■ THE PROBLEM ■
With the pictures left out, print exactly the lines below that run from the one containing "阿武的技能是热血,使用此技能" through the one containing "东黎 • 山羊绒女士秋冬西服领燕尾款宽松双面呢羊绒中长款大衣 4140".

■ SOURCE MATERIAL ■
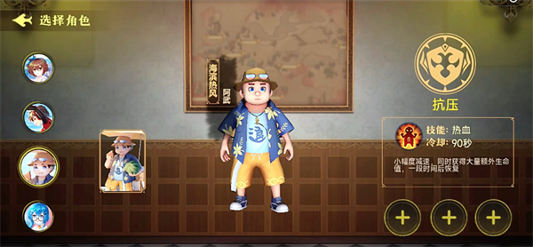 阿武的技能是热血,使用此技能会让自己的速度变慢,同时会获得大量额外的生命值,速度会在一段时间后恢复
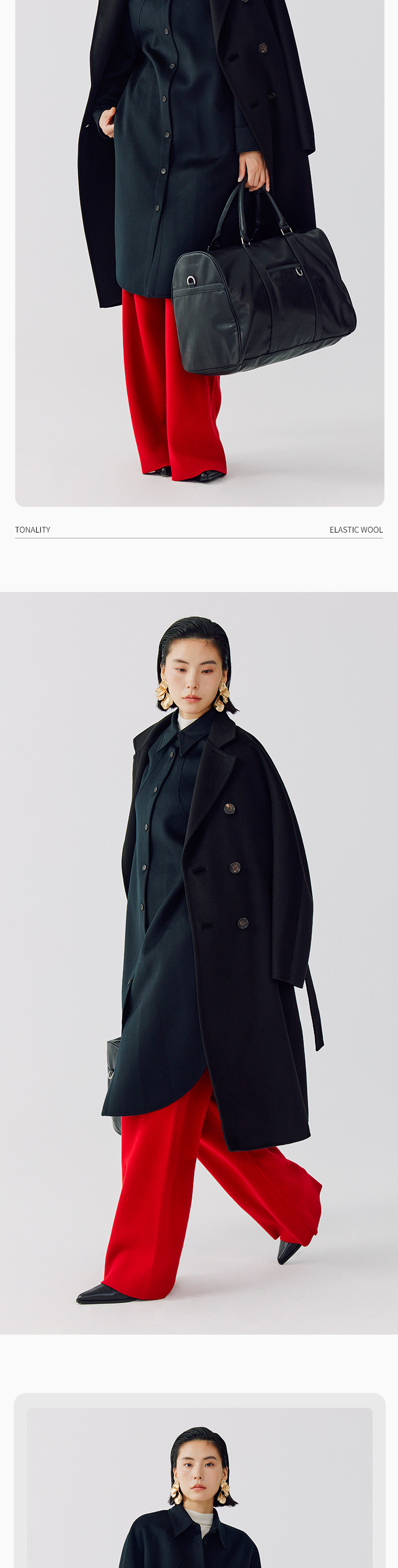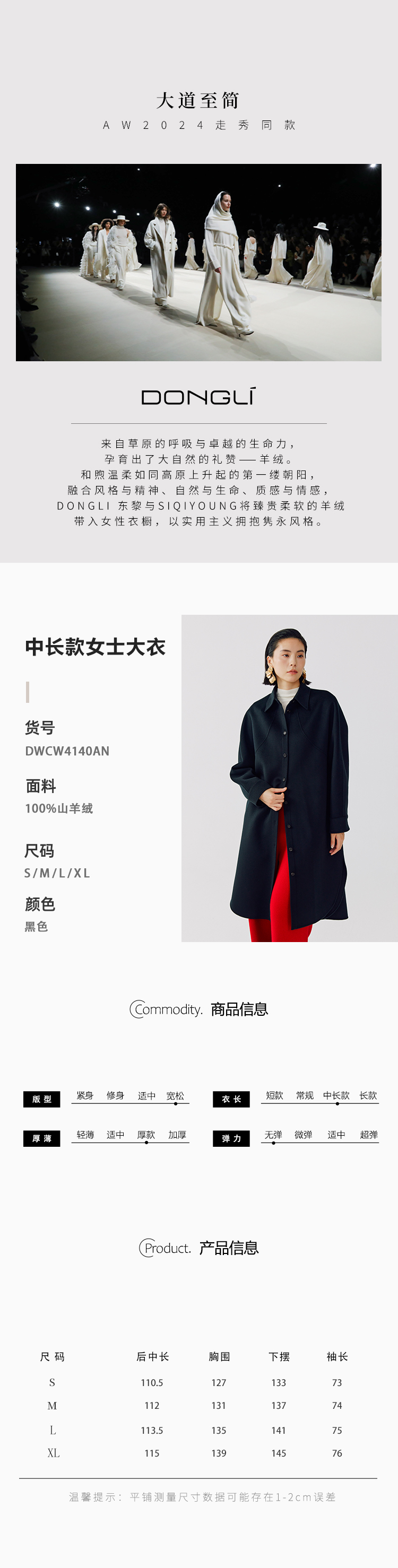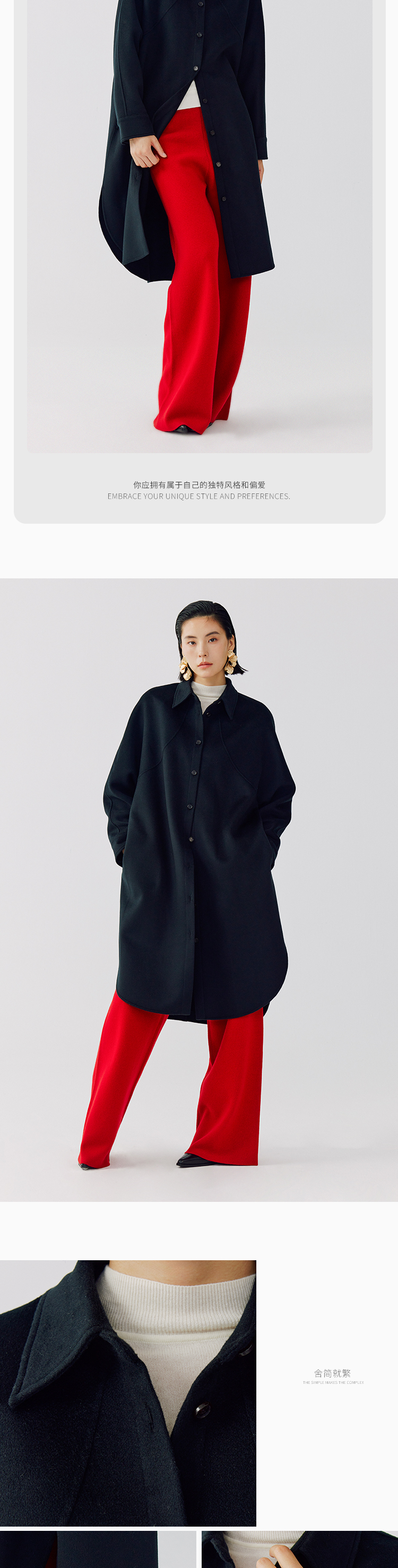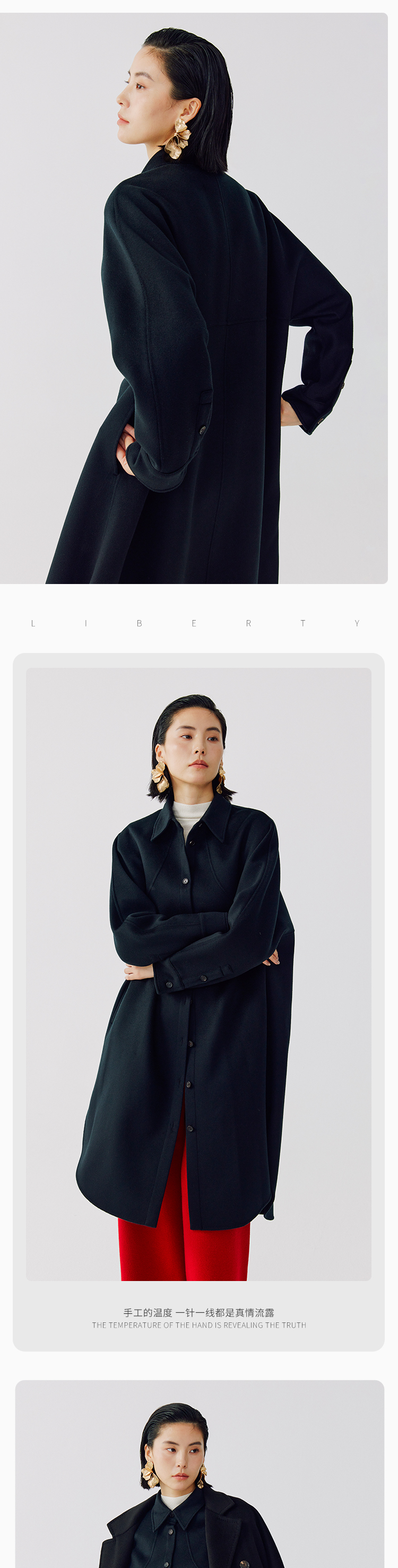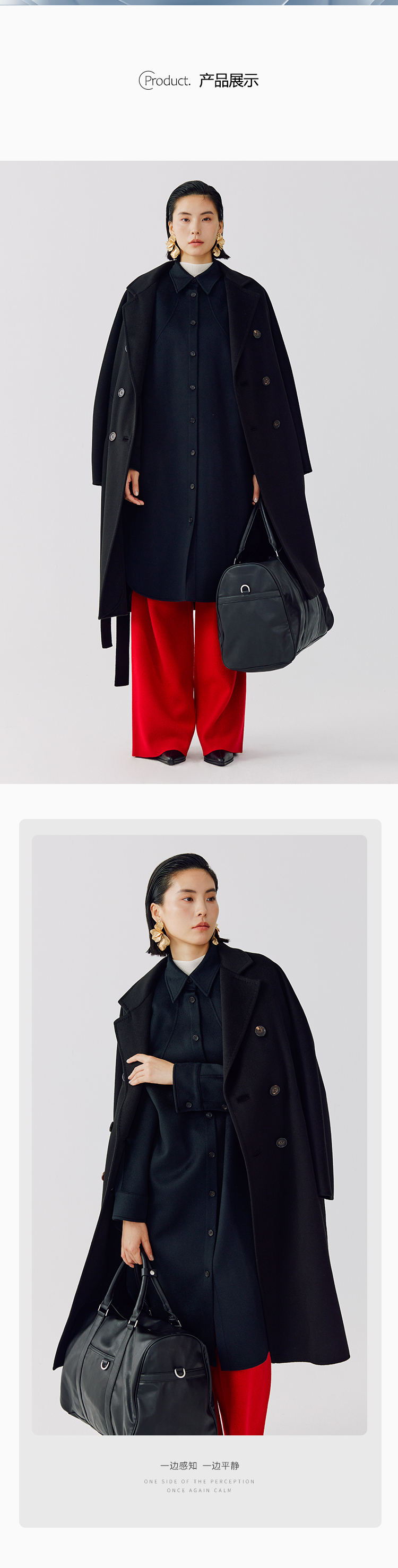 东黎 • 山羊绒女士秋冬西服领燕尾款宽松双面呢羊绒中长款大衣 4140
* * *
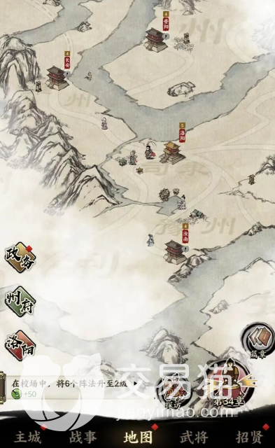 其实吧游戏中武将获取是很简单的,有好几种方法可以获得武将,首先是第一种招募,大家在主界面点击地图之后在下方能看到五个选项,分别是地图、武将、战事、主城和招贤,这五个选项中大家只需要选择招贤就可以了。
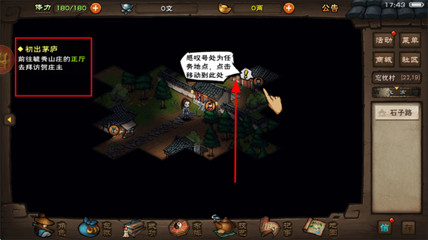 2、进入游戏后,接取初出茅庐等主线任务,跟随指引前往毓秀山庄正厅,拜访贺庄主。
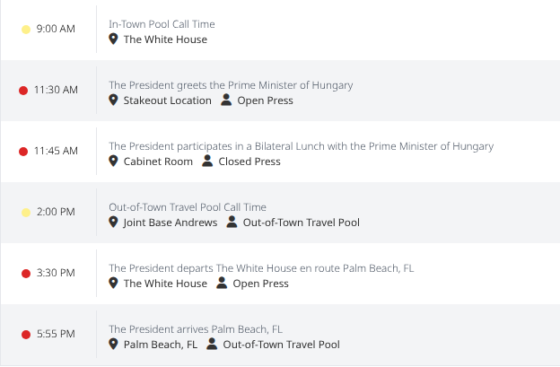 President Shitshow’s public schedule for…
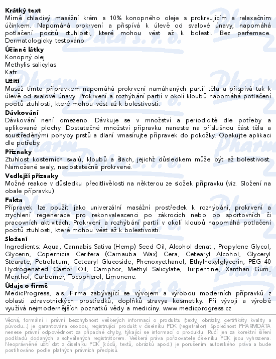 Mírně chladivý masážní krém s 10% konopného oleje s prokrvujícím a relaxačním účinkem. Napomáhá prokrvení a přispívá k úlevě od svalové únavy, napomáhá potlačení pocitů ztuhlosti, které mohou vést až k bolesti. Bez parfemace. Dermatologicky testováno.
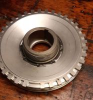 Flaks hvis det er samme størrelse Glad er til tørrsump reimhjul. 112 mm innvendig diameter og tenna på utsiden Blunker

■ EXERCISE SOLUTION ■
 阿武的技能是热血,使用此技能会让自己的速度变慢,同时会获得大量额外的生命值,速度会在一段时间后恢复
 东黎 • 山羊绒女士秋冬西服领燕尾款宽松双面呢羊绒中长款大衣 4140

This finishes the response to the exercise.